Поняв, что Астрид к нему никогда больше не вернется, он, как ни странно, связал себя браком с ее заместительницей и даже поспешил завести ребенка, с тем чтобы она от него не сбежала. Теперь он вынужден был посмотреть в лицо фактам и признать, что время побед для него миновало. Его жена также годилась ему скорее во внучки, но теперь этого никто не замечал, видя их вдвоем, так как кинорежиссер держался молодцом, а у нее уже не было такого подтянутого животика, как до родов. В общем он был из тех, кого называют счастливчиками. Он стоял рядом со своей молодой женой, незаметно опираясь на ее плечо, и если он и впрямь справится со своими обязанностями, то может статься, что она останется с ним до самой его смерти. В последний раз я видел его лет десять назад. Когда Симону исполнилось тринадцать лет, он спросил меня, нельзя ли избавить его от визитов к отцу. Ему все больше не по нутру было являться на виллу, где он когда-то жил, и быть свидетелем того, как кинорежиссер расточает заботы своей новой семье. Я думаю, дело тут было не в том, что он чувствовал себя покинутым сыном. Он, должно быть, уже достаточно подрос, чтобы понимать истинные побуждения отца, который приглашал его к себе, поскольку эти визиты вежливости как бы подтверждали, что его предательство прощено, и убеждали его в том, что подобное вообще можно простить.

Астрид скрепя сердце только ради Симона согласилась поддерживать отношения со своим бывшим мужем. Раз в несколько месяцев он нам звонил, и если случалось, что трубку брала Астрид, лицо ее мрачнело, когда она шла звать Симона к телефону.
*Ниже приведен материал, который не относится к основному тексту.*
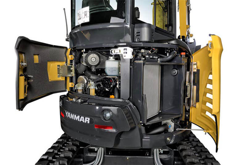 Der ViO23-6 Minibagger kennzeichnet sich durch Zuverlässigkeit, Haltbarkeit sowie Leistung unter anspruchsvollen Bedingungen und Arbeitsumgebungen aus – bei minimalem Wartungsaufwand. Alle Hauptkomponenten sind über die leicht zu öffnende Motorhaube oder die rechte Seitenabdeckung zugänglich, die für einen schnellen Zugriff an einem Scharnier angebracht ist. Die flache Bodenmatte erleichtert die Reinigung und Wartung zusätzlich. Zur Reduktion von Ausfallzeiten informiert die digitale Bedienschnittstelle von Yanmar den Fahrer in Echtzeit über den Status der Maschine, hebt Komponenten hervor, die geprüft werden müssen und bietet Serviceunterstützung. Robuste Stahlbleche und der umfassende Schutz der Zylinder tragen ebenfalls zur Verringerung der Ausfallzeiten und Gesamtbetriebskosten bei.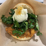 「バターミルクフライドチキンバーガー(オリジナル)」単品 500円は、シャキシャキのビネグレットキャベツサラダと、しっとりふんわりと歯切れの良いバンズとともにバターミルクチキンを楽しめる。そのほか、チキンにコルビージャックチーズやエッグタルタルをかけたバーガーといったラインアップも。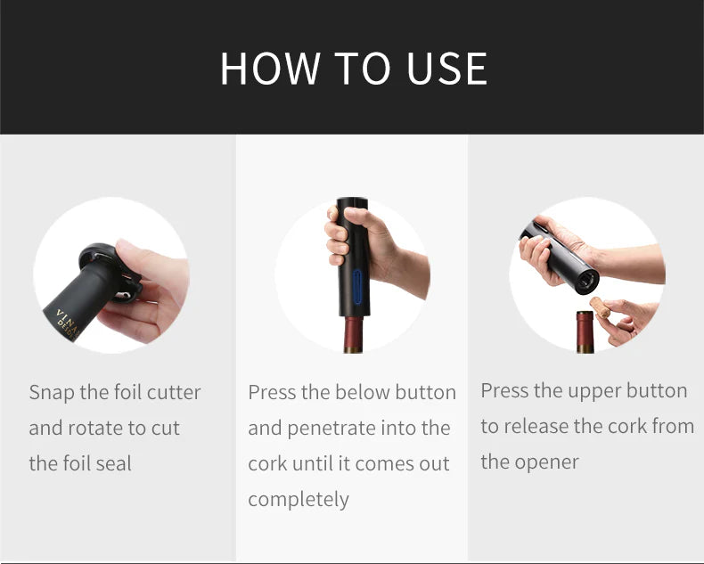 Električni otvarač za vino Otvorite bocu vina za nekoliko sekundi jednim pritiskom na dugme. Providno kućište omogućava da vidite uklanjanje čepa, dok ergonomski dizajn olakšava korišćenje svima. Radi na 4 AA baterije (nisu uključene).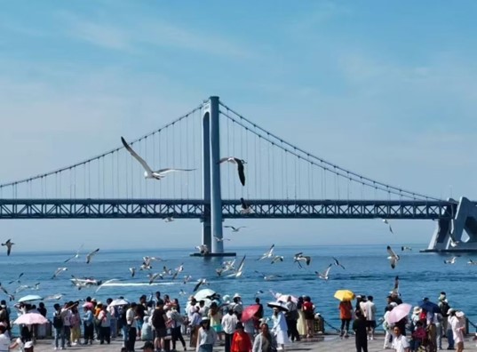 首站抵达星海广场,辽阔的广场上,海风轻拂而过,带着大海独有的清新气息。大家或与家人并肩漫步,静静欣赏广场的壮丽景致,任时光缓缓流淌;或三五成群驻足,举起相机定格下彼此的笑容与眼前的美景。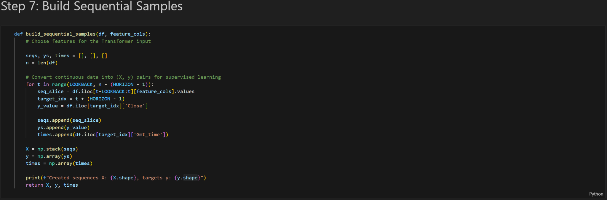 The main objective of the Transformer model is to predict the closing price of the following hourly candlestick using a 48-hour lookback window. My project consisted of four parts: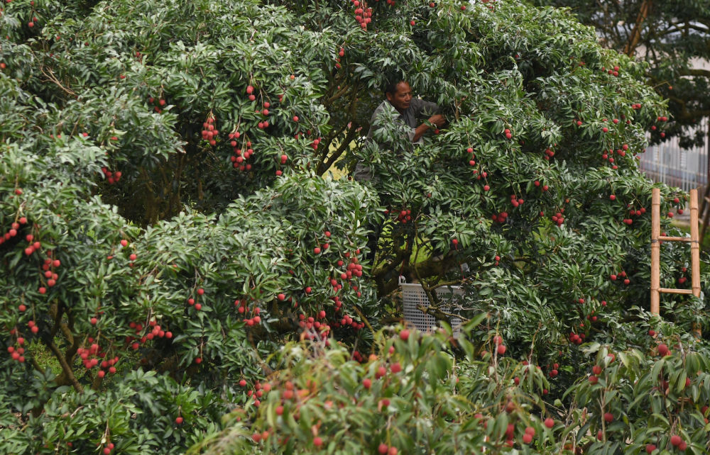 果农在广东茂名高州名园生态园采摘荔枝(2025年6月4日摄)。新华社记者邓华摄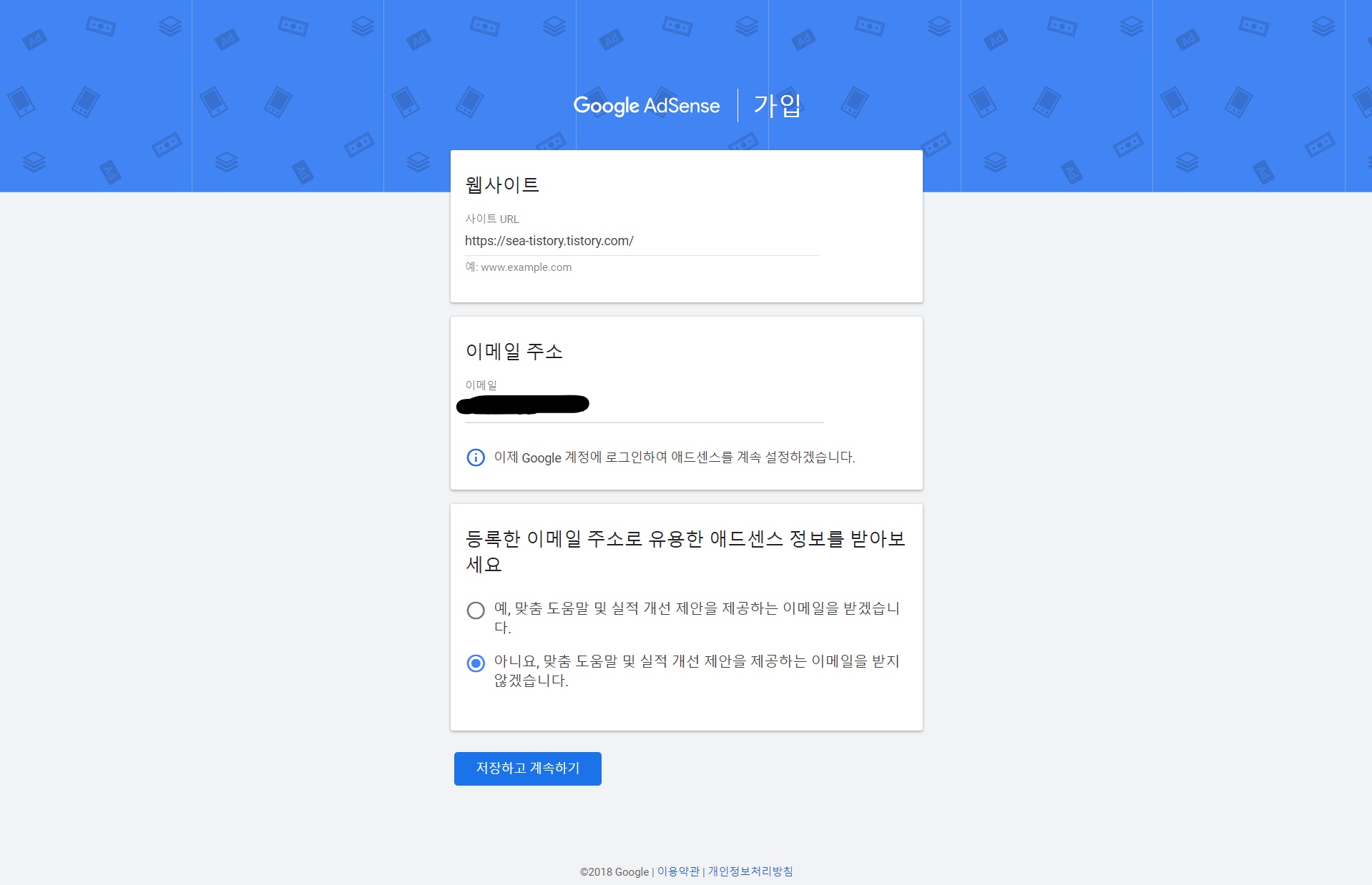 2. 웹사이트에 티스토리 주소 입력, 이메일 주소에는 내 구글계정 입력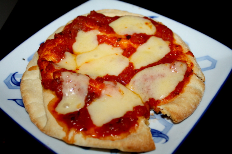 There was one Trader Joe's pita bread left so I made I myself a pita bread pizza with "Jersey Tomato Sauce." I have no idea what that means, but it was on sale at the store one day when I needed tomato sauce (and it was basil flavored). It was a good snack.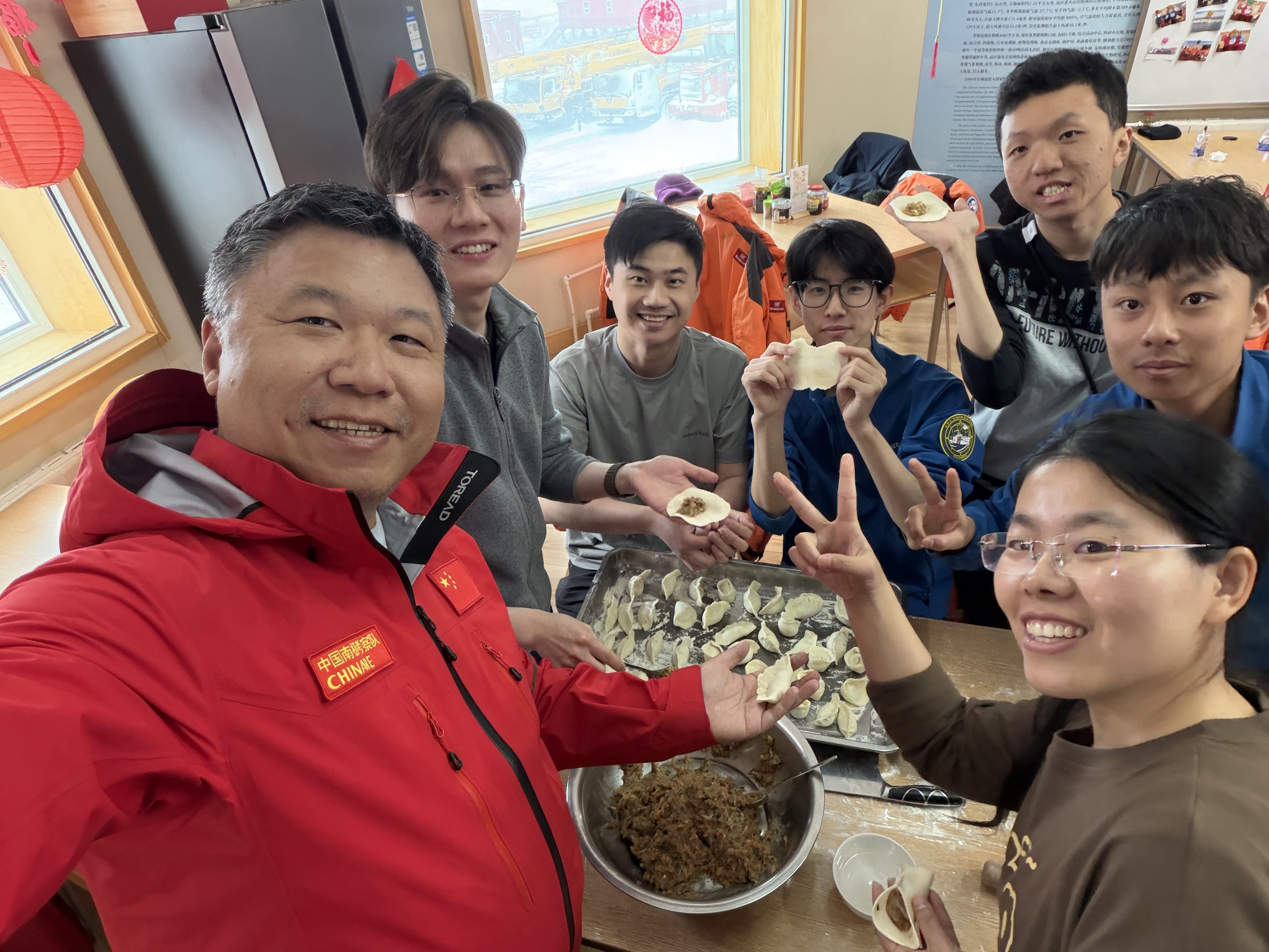 今年马年春节,臧琳(右一)和队友们一起在长城站包饺子。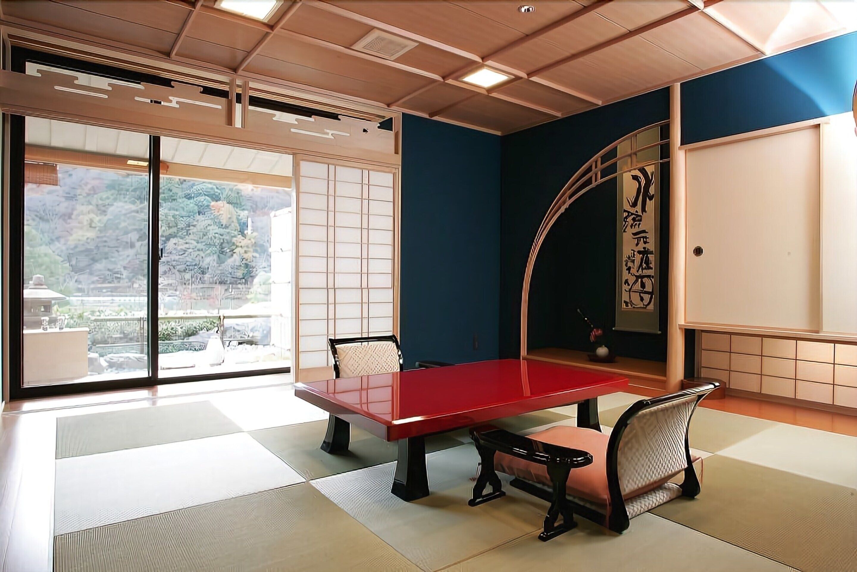 露天風呂付きの特別室でプライベートな空間を満喫。嵐山の景色を眺めながら、源泉掛け流しの露天風呂で旅の疲れをじっくり癒しましょう。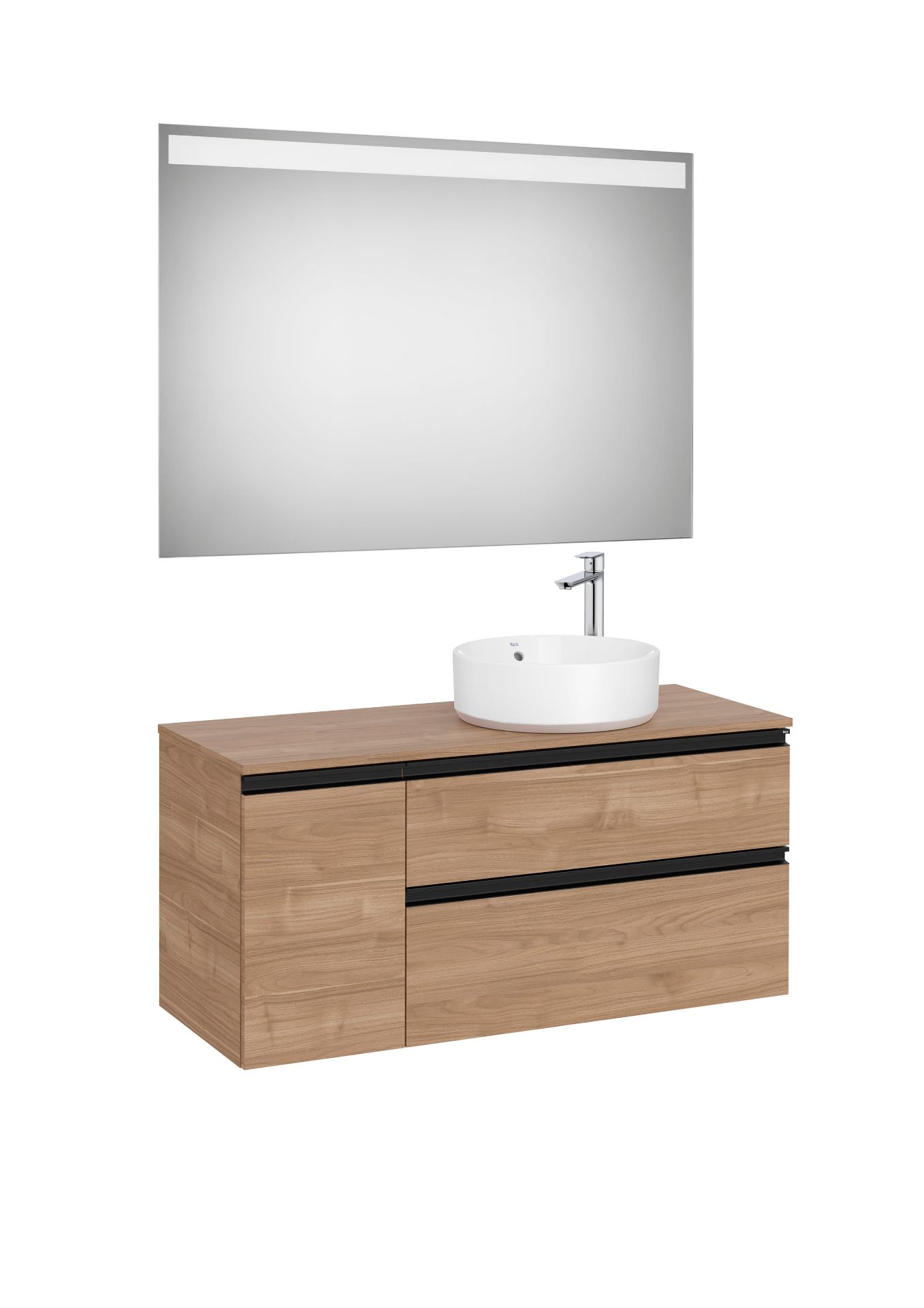 PACK - Conjunto de mueble base de dos cajones para lavabo de sobre encimera en posición derecha y espejo Eidos con luz LED integrada en la parte superior. No incluye lavabo, patas ni grifería.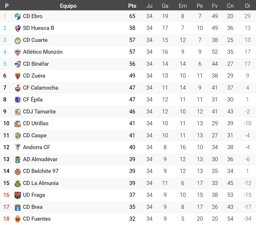 Moisés Tejedor D. @moisestejed · May 11, 2025 #3ªFederación #Grupo17º -#Asciende: @CD_Ebro (1º). -#FaseAscenso: @FundAlcoraz @SDHuesca B (2º), @cdcuarte (3º), @AtcoMonzon (4º) y @cdbinefar (5º). -#Descienden: #UDFraga (16º), @cd_brea (17º) y @CDFuentesOf (18º). Clasificación vía @futbolmeoficial. 2 353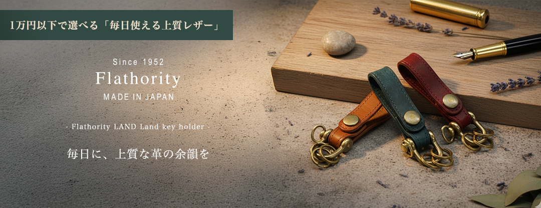 伝統的な製法で化学薬品はつかわず植物性タンニンで時間をかけじっくり鞣された、プエブロという牛革を使用した「LANDシリーズ」のキーホルダー。非常に手間暇をかけて丁寧に製作し、かつ革の自然な風合いも活かされた鞄メーカーならではの上質な仕上がりが魅力。毎日使うものだからこそ選びたい、そんな仕上がりとなっています。

Она обычно говорила: «Твой отец» и никогда не называла его просто «отец». Она так и не простила его, но, судя по всему, не сумела простить и самой себе то, что когда-то играла роль, которую затем стала играть ее заместительница. Роль маленькой очаровательной тайны, каприза его похоти. Но, несмотря на это, проигнорировать день его шестидесятилетия у нее не хватило твердости. Меня часто удивляет, до чего прочно укоренились в нас семейные условности, независимо от того, каковы бы ни были отношения в семье. Не было ни одного Рождества, чтобы мать не сидела вместе с нами за праздничным столом, и это при том, что я без зазрения совести целыми неделями до этого не звонил ей. Почему-то люди становятся сентиментальными в определенные периоды, не по велению сердца, а просто подчиняясь совершенно бессмысленным определенным датам календаря. У Астрид это особенно бросалось в глаза, поскольку родители ее погибли, когда она была еще девочкой. У нее не было ни братьев, ни сестер. Симон, Роза и я были ее единственной семьей, и она сама выбрала нас, до этого отвергнув кинорежиссера. Это ее желание быть на дне рождения экс-супруга не было уступкой Симону, потому что тот лишь пожал плечами, когда мы однажды утром нашли в почтовом ящике приглашение, снабженное достаточно фривольной фотографией, на которой кинорежиссер стоял в плавках, обнимая за плечи свою молодую жену и своего ребенка, на фоне настоящего деревенского дома, вероятно, где-нибудь в Провансе. Он, обольститель, стоял, вперив в пространство свой настойчивый взгляд и положив руку на крутые ягодицы своей юной жены, молодцеватый и мужественный, словно какой-нибудь подражатель Пикассо. В приглашении было сказано, что он рад будет видеть нас у себя. Ну разумеется, он, без сомнения, рад будет на один день собрать у себя весь свой гарем, словно благодушный паша, поглаживающий свое брюхо, любуясь плодами своего благоухающего сада.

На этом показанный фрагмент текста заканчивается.